I doubt it will be any surprise to anyone who has read my posts before that I have a sincerely unhappy relationship with my body image. There are few times that I willingly take a photo of myself, pause to look in a mirror, and feel any happiness about my current shape.
However, as I get closer to 20 weeks in my second (and probably final) pregnancy, I find myself rubbing my stomach with pride. I stop in front of the mirror for a long minute to try to feel where my little swimmer is kicking around. For the first time since I had my daughter Lillie five years ago, I don’t feel like I despise every stretch mark and bit of cellulite.
Getting pregnant this time around was difficult for us, largely because of my weight and the issues that come along with it: PCOS and the first signs of diabetes. It took nearly five years and an incredibly supportive OBGYN to have success. Now that we are expecting a beautiful baby girl in December, I can’t help but be proud of my baby-incubating tummy.
This time around, as I see more stretch marks starting to etch their way into my sides, I don’t feel like I want to cry. I no longer fear what will happen when the baby is born and there is still so much extra weight to deal with. Instead, I feel motivated.
I’ve been blessed enough to have a second little girl. If everything goes well and she is born happy and healthy, I plan to make the best of every second and finally get control of myself. I’ve already started to make changes — those sorts of dietary and exercise changes that will lead to a healthier me in the future. I do this not because I want to love my body better as I think that ship sadly sailed in my youth and was eaten by a Kraken.

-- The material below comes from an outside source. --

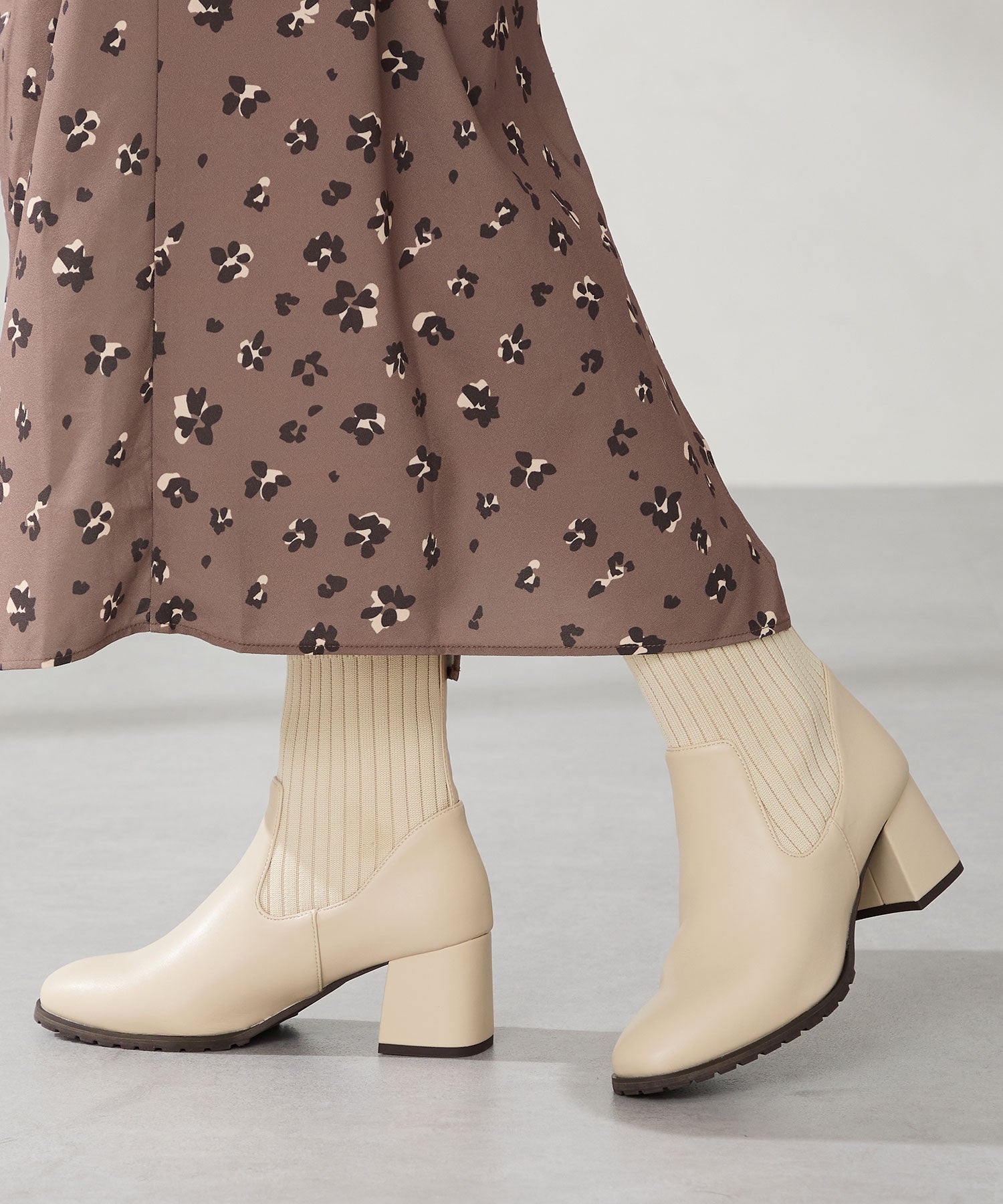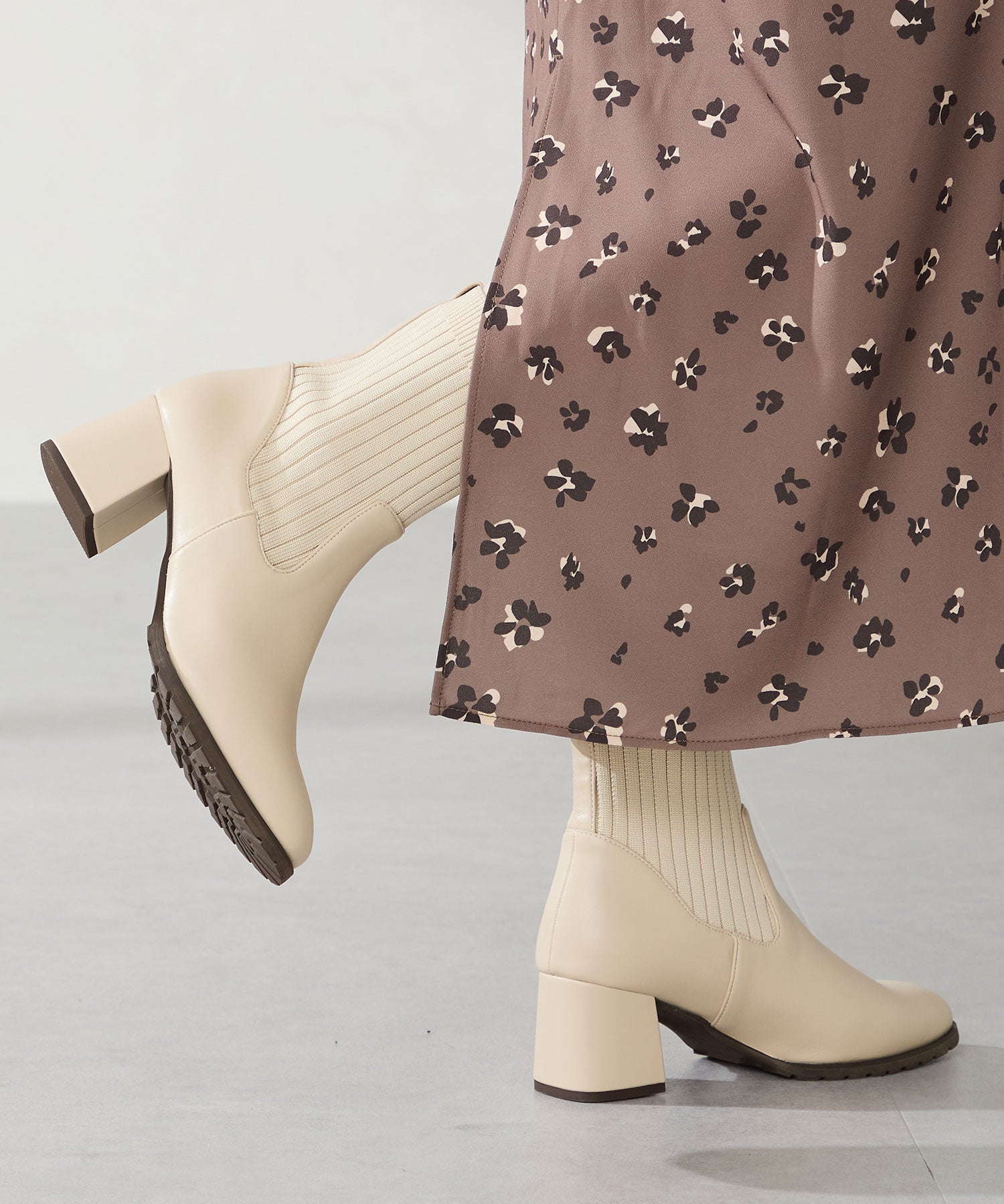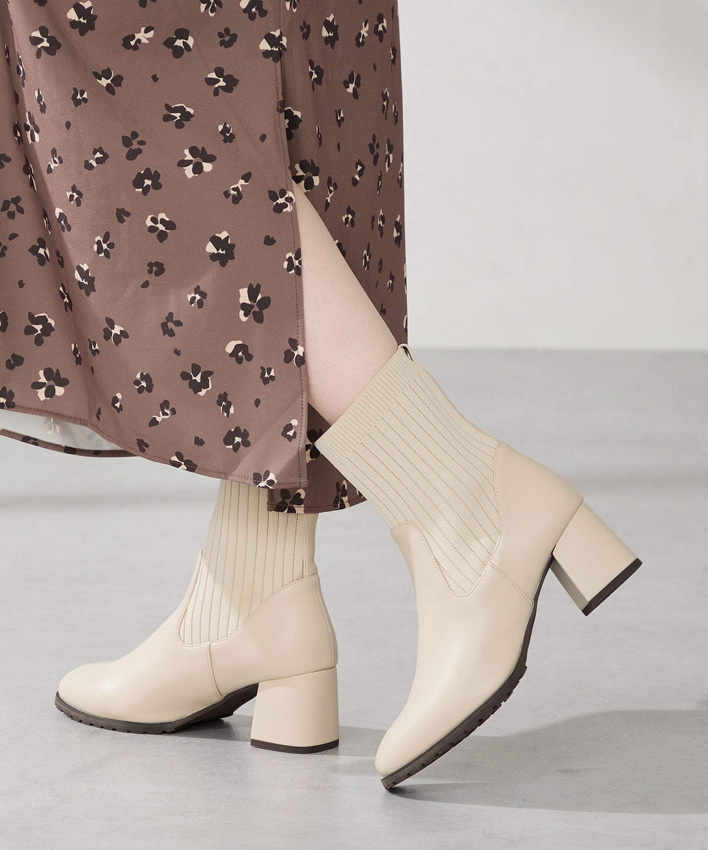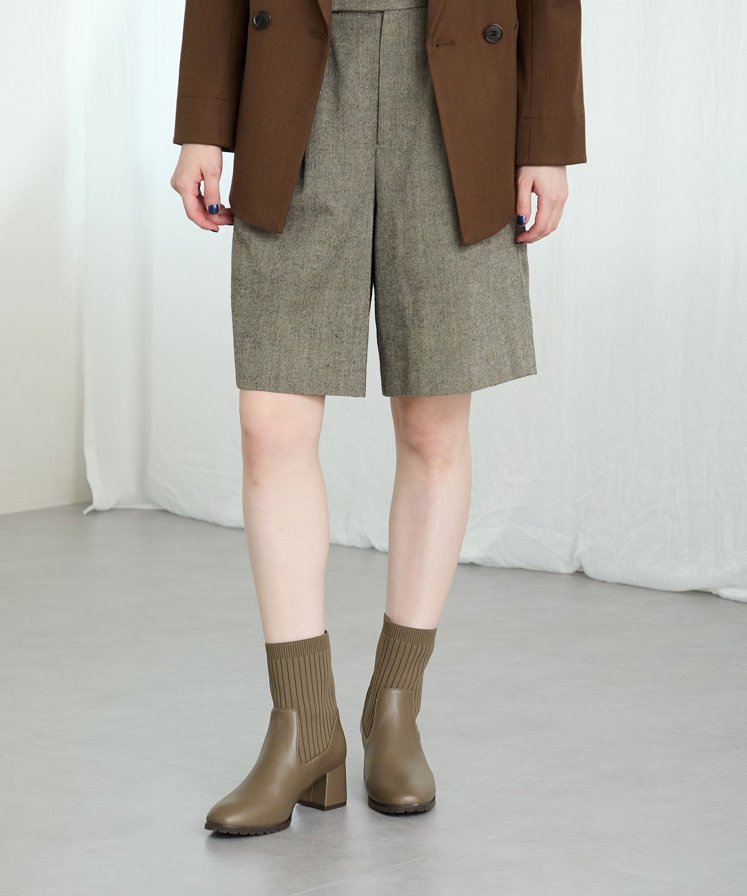 今シーズンのスタイリングには欠かせないニットブーツは履くだけで旬な足元になり大活躍間違いなしの1足。足首周りにニット素材を使用しているので足当たりが良くストレスのない履き心地。細身のスクエアトゥと6㎝のヒールできちんと感がありつつ、ソールを少しゴツゴツさせているので程よくカジュアルダウンし、どんなお洋服にも合わせやすい。落ち着いたカラーリングで大人っぽく決まる。

However, I will work to get as healthy as I can before and after the baby comes, because I want to be there for my new little girl and my active five-year-old. I want to be able to run and chase and play and laugh and not struggle so hard to just move through my day. I want to be proud of myself in a new way.
So, this is my goal as this pregnancy progresses: I hope to move and play, eat better, and try to get a handle on my addiction to all things Dew and candy. As I work through it, I’ll need plenty of support and encouragement. I’d be happy to supply support and encouragement for anyone else going through the same struggles. So don’t hesitate to reach out if this resonates with you. I really want to know that I’m not alone in this.